Yoshioka (吉岡町, Yoshioka-machi) is a town located in Gunma Prefecture, Japan. As of 1 September 2020, the town had an estimated population of 21,749 in 8,311 households, and a population density of 1100 persons per km^{2}. The total area of the town is 20.46 sqkm.

==Geography==
Located in central Gunma, Yoshioka sits between the southeastern slopes of Mount Haruna and the Tone River region.
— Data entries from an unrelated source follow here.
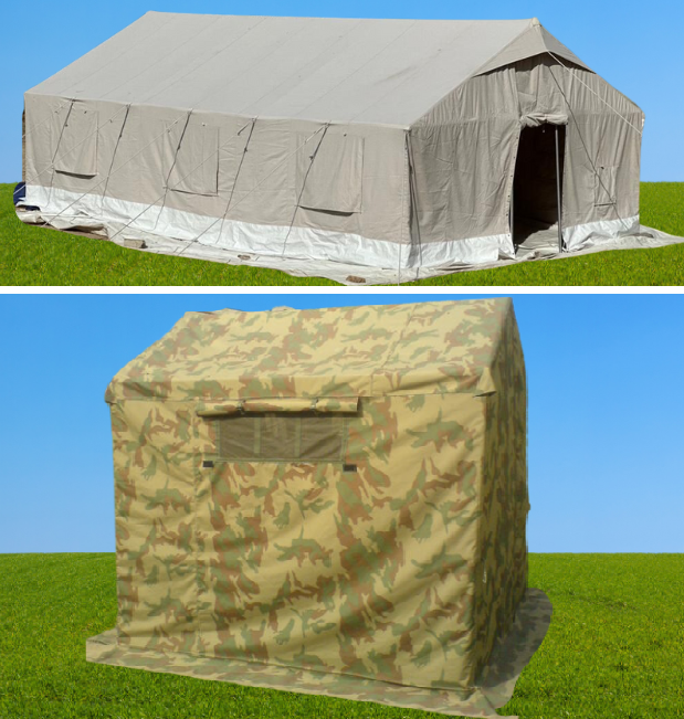 A variety of sizes and colors of School, Shelter and Latrine tents.
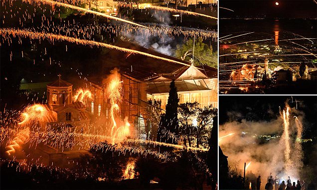 【環(huán)球網(wǎng)綜合報(bào)道】提到復(fù)活節(jié),人們通常想到的是復(fù)活節(jié)彩蛋、復(fù)活節(jié)兔子和鮮花。但接下來的這兩個(gè)教堂卻用另一種獨(dú)特的方式來慶祝這一盛大的節(jié)日。據(jù)英國(guó)《每日郵報(bào)》4月16日?qǐng)?bào)道,近日,希臘希俄斯州小島上兩所敵對(duì)教堂的信徒們通過互相發(fā)射自制火箭來慶祝復(fù)活節(jié),場(chǎng)面甚是壯觀。
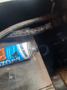 flexibele tape smeer ik de boel provisorisch dicht. Als de boel droog is vaar
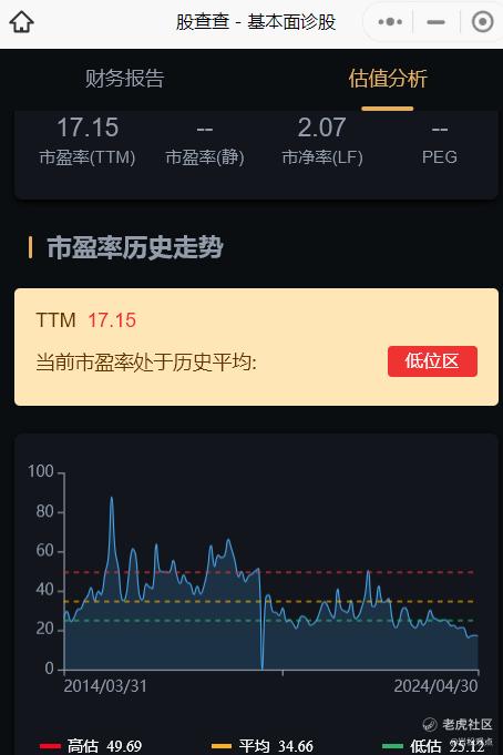 再看估值,滚动市盈率为17倍,当前市盈率处于历史平均:低位区。
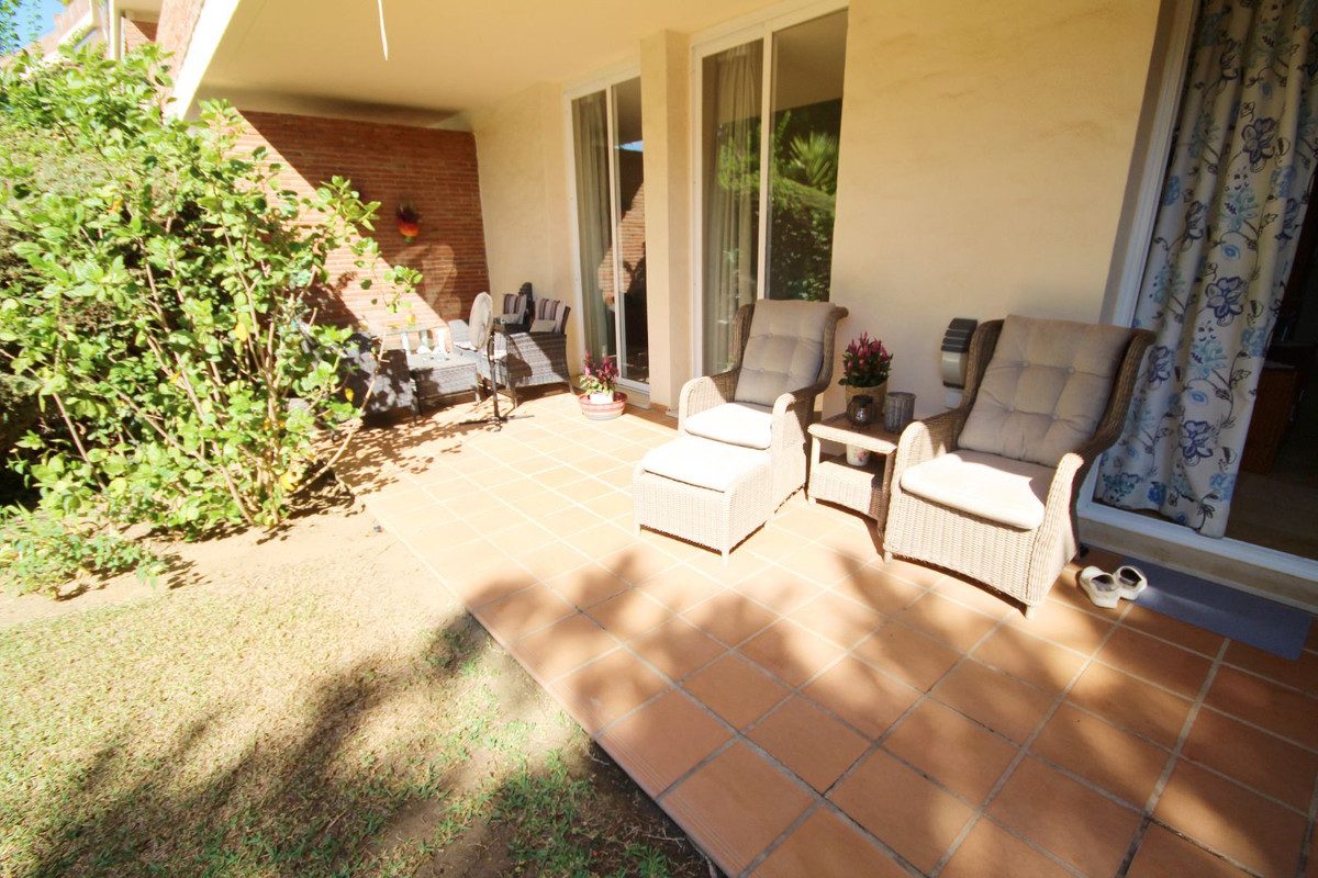 This peaceful complex has beautiful, very well maintained gardens which includes a water / pond feature. It also has a large pool with bar area, gymnasium and sauna. Situated next door to Miraflores golf club, it is a very desireable sought after complex.
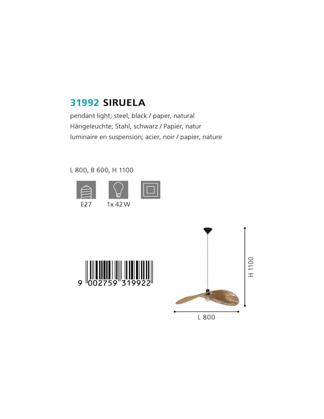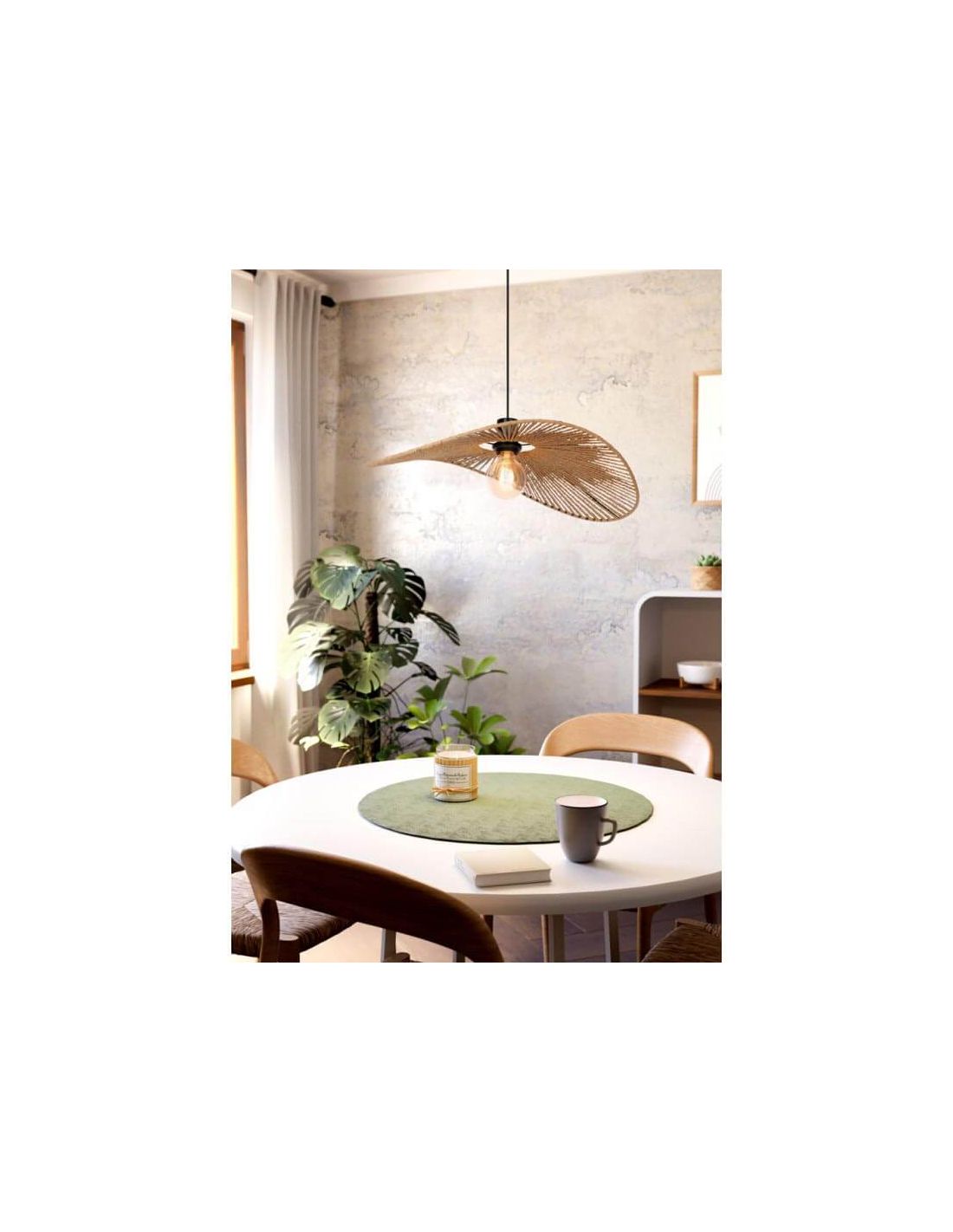 Die Deckenlampe Pamela mit 80 cm Durchmesser aus der Kollektion Siruela besticht durch ihr elegantes und natürliches Design. Mit einem Durchmesser von 80 cm besteht diese Lampe aus FSC-zertifiziertem Papier, das die natürliche Faser imitiert und jedem Raum eine warme und einladende Atmosphäre verleiht. Ihr schwarzes Stahlgestell bietet einen modernen und raffinierten Kontrast, ideal für Wohnzimmer, Esszimmer oder jeden Raum, in dem eine entspannende und zugleich zeitgenössische Atmosphäre gewünscht wird.

The western half of the town has an elevation between 200 and 900 meters, while the eastern half is mostly flat, with an elevation between 100 and 200 meters.

===Surrounding municipalities===
Gunma Prefecture
- Maebashi
- Shibukawa
- Shintō

===Climate===
Yoshioka has a Humid continental climate (Köppen Cfa) characterized by warm summers and cold winters with heavy snowfall. The average annual temperature in Yoshioka is 13.8 °C. The average annual rainfall is 1281 mm with September as the wettest month. The temperatures are highest on average in August, at around 26.1 °C, and lowest in January, at around 2.4 °C.

==Demographics==
Per Japanese census data, the population of Yoshioka has increased steadily over the past 60 years.

==History==
Komayose village and Meiji village were established within Nishigunma District, Gunma Prefecture on April 1, 1889 with the creation of the modern municipalities system after the Meiji Restoration. In 1896, Nishigunma District was united with Kataoka District to create Gunma District, which was subsequently divided in 1949 with Komayose and Meiji villages becoming part of Kitagunma District. On April 1, 1955 the two villages were merged to form Yoshioka village, which was elevated to town status on April 1, 1991.

==Government==
Yoshioka has a mayor-council form of government with a directly elected mayor and a unicameral town council of 14 members. Yoshioka and neighboring Shintō contribute one member to the Gunma Prefectural Assembly. In terms of national politics, the town is part of Gunma 5th district of the lower house of the Diet of Japan.

==Economy==
Yoshioka is largely a commuter town, with over 44% of the workforce commuting to nearby Maebashi.

==Education==
Yoshioka has two public elementary schools and one public middle school operated by the town government. The town does not have a high school.

==Transportation==
===Railway===
Yoshioka is not served by any railway services. The nearest stations are in the city of Shibukawa to the north and in the city of Maebashi to the south.